- Born: June 19, 1941
- Died: January 6, 1993 (aged 51)
- Occupation: nurse leader
- Known for: Shaping the nursing response to HIV infection and AIDS in the UK

= Richard Wells (nurse) =

British health care administrator (1941–1993)

Malcolm William James Richard Wells, (19 June 1941 – 6 January 1993), commonly known as Richard J. Wells, was a British nurse, nursing adviser and health care administrator. He was noted for being at the forefront of contributions to Aids nursing.

== Early life ==
Wells was born in South Africa during World War II. He spent time working in a family business in Leeds and then trained in psychiatric nursing.

== Career ==
Wells' career in nursing was largely based at the Royal Marsden Hospital, which he joined in 1977 and where he held various positions, including Director of the Marie Curie Rehabilitation Centre. He was awarded a Florence Nightingale fellowship to study in America in 1981.

Wells advocated for cancer patients to know their prognosis and supported the use of complementary therapies in holistic care.

He served as a consultant to a host of organizations, including the World Health Organization, the International Union Against Cancer, the International Council of Nurses and the European Oncology Society.

In the early 1980s, Wells helped to care for people with early cases of AIDS, including Terrence Higgins. He began to work with colleagues to lobby for awareness of HIV and Aids and improvements in care and was known for saying in regards to nursing that "if we get it right for Aids we've got it right for everybody".

As Oncology Nursing Adviser at the Royal College of Nursing, and as the first nurse member of the government expert advisory group on Aids appointed in 1985, Wells helped shape the nursing response to HIV infection and AIDS in the UK.

Wells featured in Bright Eyes, a documentary about Aids broadcast in 1984, as an expert on Aids and nursing. He travelled the UK to educate people about Aids, work to dispel "AIDS paranoia" and encourage people to use condoms to prevent the spread of Aids. Wells also discussed the problems faced by nurses with Aids and discrimination within the nursing profession.

Wells was made a Fellow of the Royal College of Nursing in 1987.

In 1991, Wells spoke of the possibility if a future where people with Aids might be rehabilitated, and publicly announced that he had Aids.

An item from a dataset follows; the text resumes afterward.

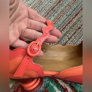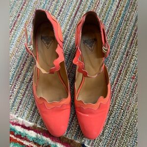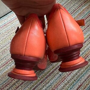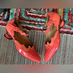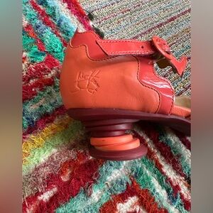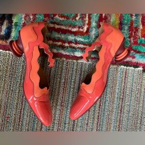 Excellent condition! A Mary Jane with a wavy twist -- the Trivialis is a delight, with coral pink patent leather and orange/pink smooth leather trim, a wavy patent strap and coral painted oval buckle, pointed toe, rubber soles, wavy edges with side cut-out, and the most fun asymmetrically stacked 1-in heel made of little pink/burgundy disks. In excellent condition - just some minor creasing across the toe. No other scuffs, marks, or flaws -- such a fun little shoe! They will fit true to length but are narrow for some. If you have a wider foot, think about going up a half size (can then work for a wider 7.5).

== Death and commemoration ==
Wells died as a result of complications from Aids in London in January 1993, with his long term partner Stephen beside him. He was remembered as an "Aids nursing pioneer".

In 1999, Wells was recognised as one of the Nursing Standard's "Nurses of the Millennium". An award in his name funded travel for a winning nurse to attend the Association of Nurses Aids Care Conference.

The Richard Wells Research Centre at West London University is named in his honour.

Ruth Sims, executive of Mildmay International, cited Wells as a key influence and supporter in her career.